__Problem to work on__
Take the listing from its first line through the line that contains "Hoards of Angelenos, their" and please retype those lines exactly, leaving out the pictures.

__Data below__
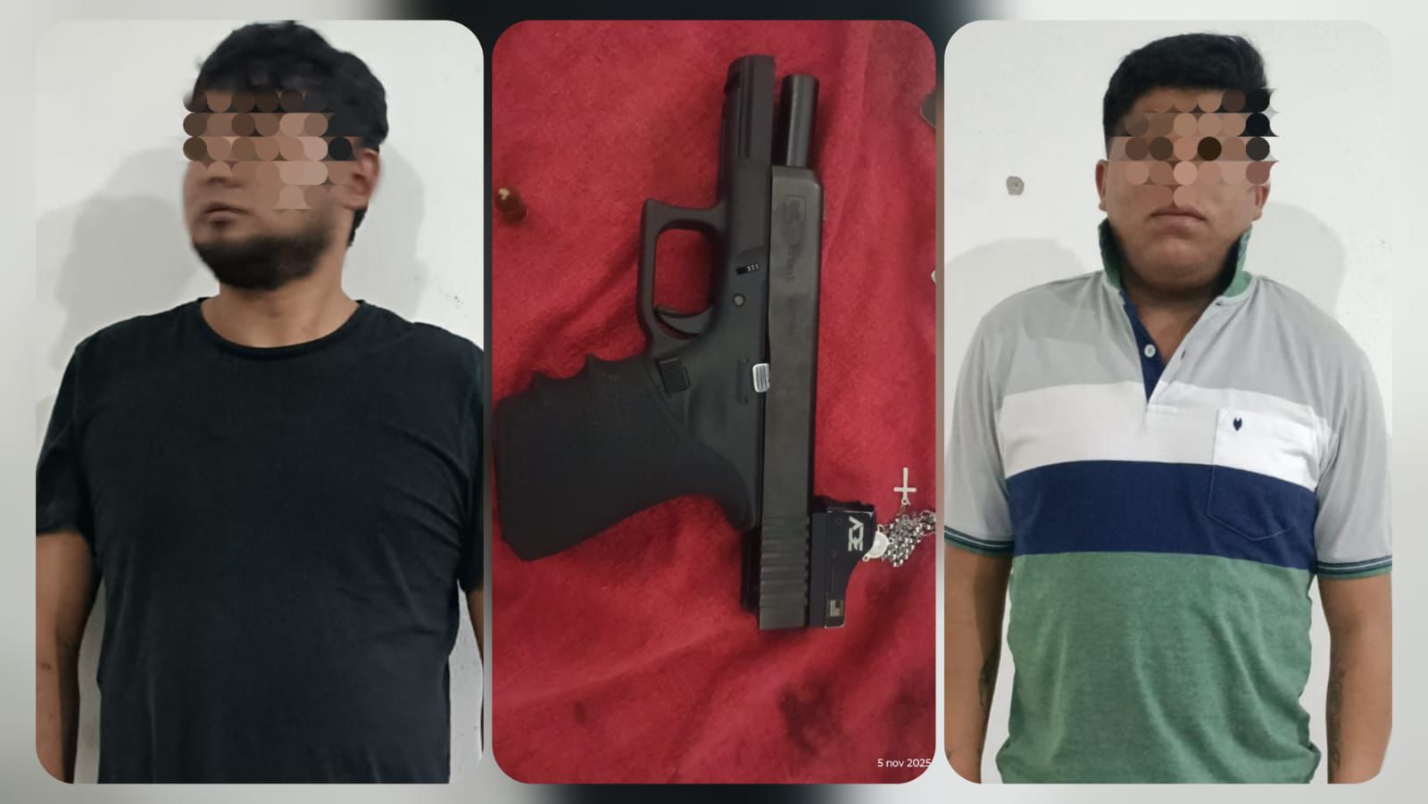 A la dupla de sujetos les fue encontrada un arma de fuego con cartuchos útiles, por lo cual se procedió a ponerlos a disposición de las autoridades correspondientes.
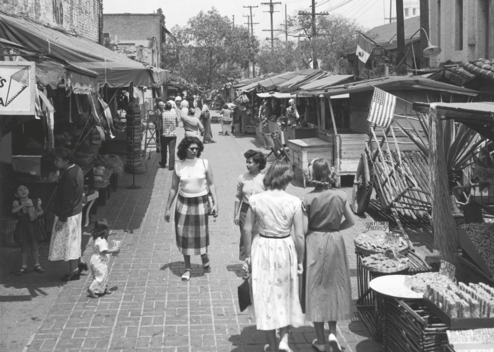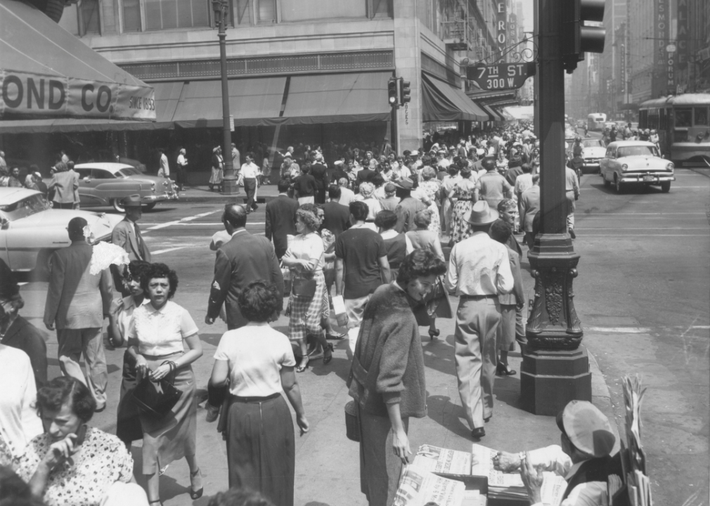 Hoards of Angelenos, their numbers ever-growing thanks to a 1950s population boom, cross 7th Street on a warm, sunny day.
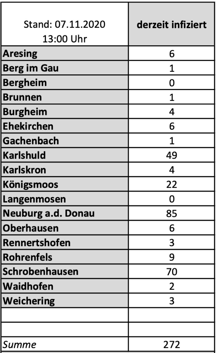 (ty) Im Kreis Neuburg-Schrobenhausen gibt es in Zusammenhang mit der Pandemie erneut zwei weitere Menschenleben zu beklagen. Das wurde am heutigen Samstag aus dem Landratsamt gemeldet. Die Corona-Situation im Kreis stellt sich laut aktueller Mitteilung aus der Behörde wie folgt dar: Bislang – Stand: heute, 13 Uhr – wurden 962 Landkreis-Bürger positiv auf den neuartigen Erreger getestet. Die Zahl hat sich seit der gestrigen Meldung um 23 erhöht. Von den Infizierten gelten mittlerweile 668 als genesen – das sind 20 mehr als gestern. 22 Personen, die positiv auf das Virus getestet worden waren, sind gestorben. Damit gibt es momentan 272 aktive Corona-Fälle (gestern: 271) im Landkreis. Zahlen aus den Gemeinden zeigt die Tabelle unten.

__Answer to this task__
 A la dupla de sujetos les fue encontrada un arma de fuego con cartuchos útiles, por lo cual se procedió a ponerlos a disposición de las autoridades correspondientes.
 Hoards of Angelenos, their numbers ever-growing thanks to a 1950s population boom, cross 7th Street on a warm, sunny day.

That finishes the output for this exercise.